• _Exercise brief_
Every line of the listing below must be printed again exactly, apart from its pictures.

• _Given material_

□ □ □

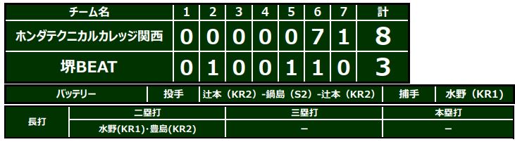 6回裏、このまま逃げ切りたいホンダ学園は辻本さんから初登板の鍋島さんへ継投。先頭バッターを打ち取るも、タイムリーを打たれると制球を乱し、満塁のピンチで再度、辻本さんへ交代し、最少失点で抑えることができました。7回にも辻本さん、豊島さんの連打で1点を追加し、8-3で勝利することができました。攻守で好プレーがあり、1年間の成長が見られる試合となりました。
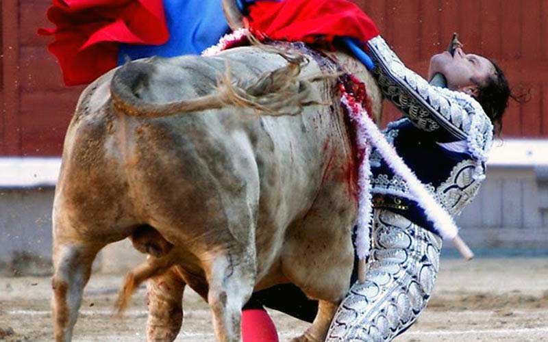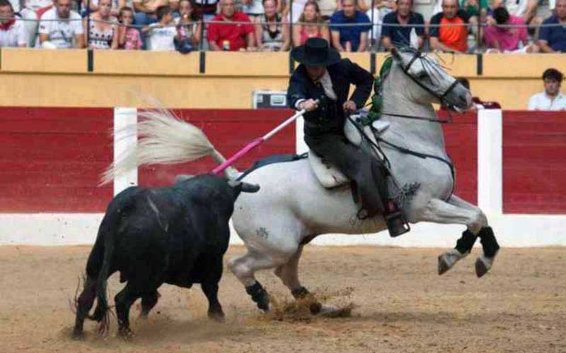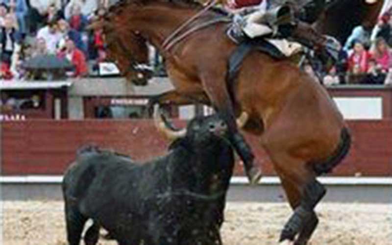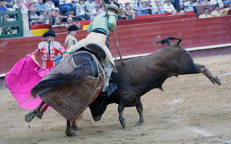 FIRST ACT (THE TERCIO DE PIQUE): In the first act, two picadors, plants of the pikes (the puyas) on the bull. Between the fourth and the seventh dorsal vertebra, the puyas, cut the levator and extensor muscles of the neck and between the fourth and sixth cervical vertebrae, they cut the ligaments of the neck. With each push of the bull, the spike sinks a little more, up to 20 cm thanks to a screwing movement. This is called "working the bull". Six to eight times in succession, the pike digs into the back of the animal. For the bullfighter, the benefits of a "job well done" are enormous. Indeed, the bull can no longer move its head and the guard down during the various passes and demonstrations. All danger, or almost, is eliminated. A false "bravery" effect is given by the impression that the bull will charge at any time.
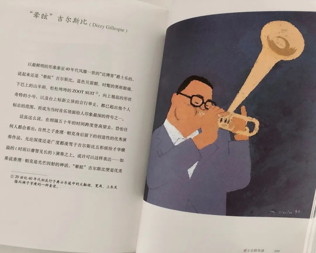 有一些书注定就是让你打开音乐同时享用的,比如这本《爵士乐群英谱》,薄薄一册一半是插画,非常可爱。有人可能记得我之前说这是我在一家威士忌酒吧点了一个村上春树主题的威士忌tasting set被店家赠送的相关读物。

□ □ □

• _Response to the exercise_
 6回裏、このまま逃げ切りたいホンダ学園は辻本さんから初登板の鍋島さんへ継投。先頭バッターを打ち取るも、タイムリーを打たれると制球を乱し、満塁のピンチで再度、辻本さんへ交代し、最少失点で抑えることができました。7回にも辻本さん、豊島さんの連打で1点を追加し、8-3で勝利することができました。攻守で好プレーがあり、1年間の成長が見られる試合となりました。
 FIRST ACT (THE TERCIO DE PIQUE): In the first act, two picadors, plants of the pikes (the puyas) on the bull. Between the fourth and the seventh dorsal vertebra, the puyas, cut the levator and extensor muscles of the neck and between the fourth and sixth cervical vertebrae, they cut the ligaments of the neck. With each push of the bull, the spike sinks a little more, up to 20 cm thanks to a screwing movement. This is called "working the bull". Six to eight times in succession, the pike digs into the back of the animal. For the bullfighter, the benefits of a "job well done" are enormous. Indeed, the bull can no longer move its head and the guard down during the various passes and demonstrations. All danger, or almost, is eliminated. A false "bravery" effect is given by the impression that the bull will charge at any time.
 有一些书注定就是让你打开音乐同时享用的,比如这本《爵士乐群英谱》,薄薄一册一半是插画,非常可爱。有人可能记得我之前说这是我在一家威士忌酒吧点了一个村上春树主题的威士忌tasting set被店家赠送的相关读物。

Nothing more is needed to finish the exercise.